The technology gives high yield and has high impact in the sustainable jobs space.
The Government of Ghana through the National Entrepreneurship and Innovation Plan (NEIP) hopes to create 10,000 jobs through the establishment of 1,000 greenhouse projects over a four-year period.
According to Mr Franklin Owusu-Karikari, Director of Business Support, NEIP, the project was part of the effort to create jobs for the youth and to increase food production.
NEIP has targeted to create 10,000 direct jobs, 10 sustainable jobs per dome, and also 4,000 indirect sustainable jobs through the production of raw materials and installation of greenhouse domes.
The project would also go a long way to transfer skills and new technology in fruits and vegetable production as well as improved standards in farming and marketing of fruits and vegetables.
Beneficiaries of the NEIP greenhouse farming project would be trained for two years in its management before it would be handed over to them.
According to NEIP, so far 75 greenhouse domes had been constructed at the Dawhyenya.
NEIP is a flagship policy initiative of the government with the primary objective of providing an integrated national support for start-ups and small businesses.
In this era of climate change coupled with the increasing demand for land for estate development at the expense of farmlands, greenhouse farming is the way forward to boost agriculture in Africa.

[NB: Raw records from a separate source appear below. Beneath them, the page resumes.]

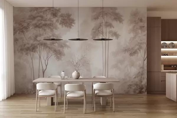 Carta da parati Paesaggio boschivo astratto dai toni beige fumé che trasmette un senso di profondità nr. w09657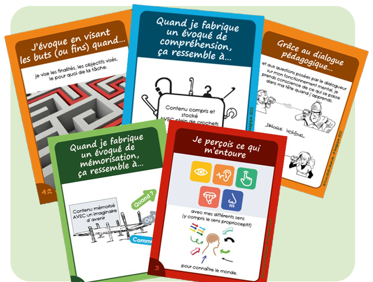 À travers des images et des mots soigneusement choisis, ce jeu invite à la réflexion, à l’échange et à la mise en sens des notions clés de l’« apprendre à apprendre ».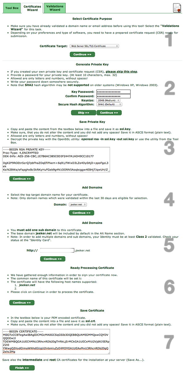 在使用证书证书之前还需要对生成的秘钥解密,可使用命令openssl rsa -in ssl.key -out ssl_decrypted.key,或者是StartSSL提供的工具: Tool Box - Decrypt Private Key,生成的内容另存为文件,如ssl_decrypted.key。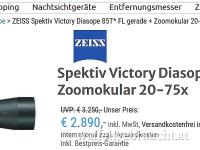| Neupreis | € 3.250,- (€ 2.890,-) Stativ € 399,- Stativkopf € 29,- Behälter für Spektiv |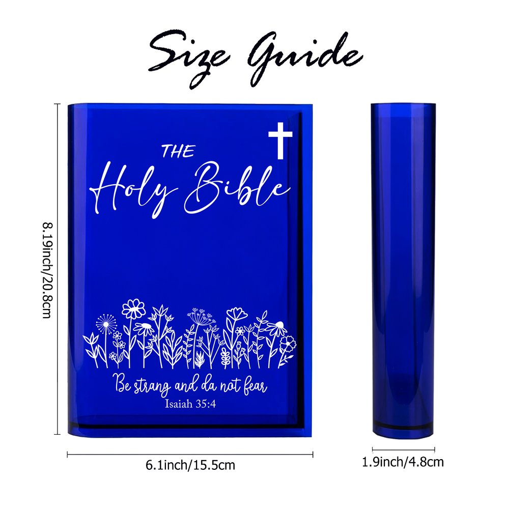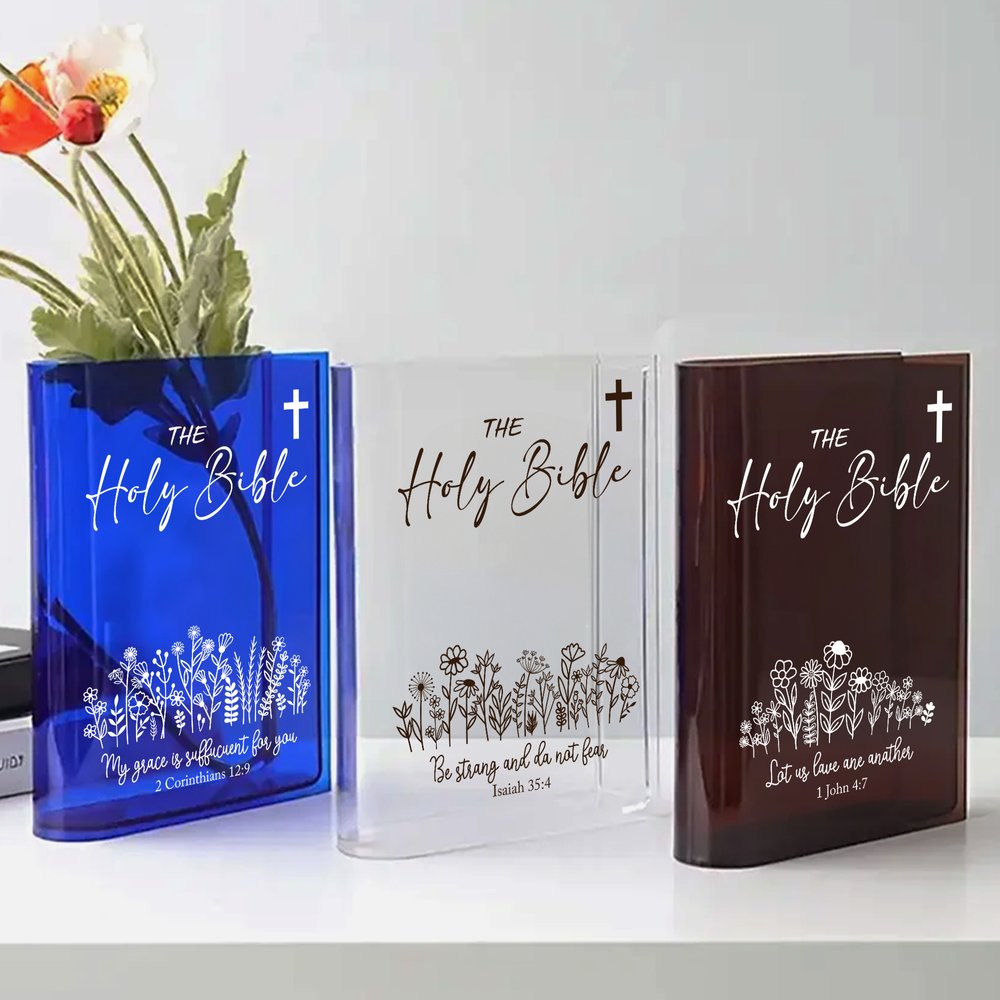 This bookend vase cleverly combines faith and fashion! It is not only a practical decorative item but also a spiritual work of art. Printed on a transparent material, it showcases images of a cross and flowers, along with the fixed text "The Holy Bible", conveying a message of faith and comfort. Customizable title and text make each piece unique.

Vegetable production would gain momentum to meet the demand of both local and foreign markets, if African Governments’ give much attention to the promotion of greenhouse farming technology.
To ensure a successful implementation of the technology, there is the need for massive investment and capacity building of the research institutions and farmers.
Professor Eric Y. Danquah, Founding Director, West Africa Centre for Crop Improvement (WACCI), University of Ghana, speaking at the opening of a two-day workshop on demand-led plant variety design, which was organised by Centre, said high-quality research was needed to improve food and nutrition security in the West African sub-region.
He added that there was the need to rebuild agricultural research capacity in the sub-region to develop our institutions into Centres of Excellence for agricultural innovation for quality research – development of game changing products for the transformation of agriculture in West and Central Africa.
Greenhouse farming is a powerful technology that governments could use to attract the many unemployed youth into agriculture, thereby enabling them to contribute their quota to the continent’s socioeconomic development.
The economy of countries like the Netherlands and Brazil are doing marvellously well, due to the thriving greenhouse farming technology.
According to the latest report from the United Nations’ Food and Agriculture Organisation, 233 million people in sub-Saharan Africa were undernourished in 2014-16.
This hunger situation can be reversed if African governments invest massively in agriculture and agricultural research and capacity building.
Africa cannot afford to be left behind in this era of technological advancement in agriculture, and the way to go is greenhouse farming.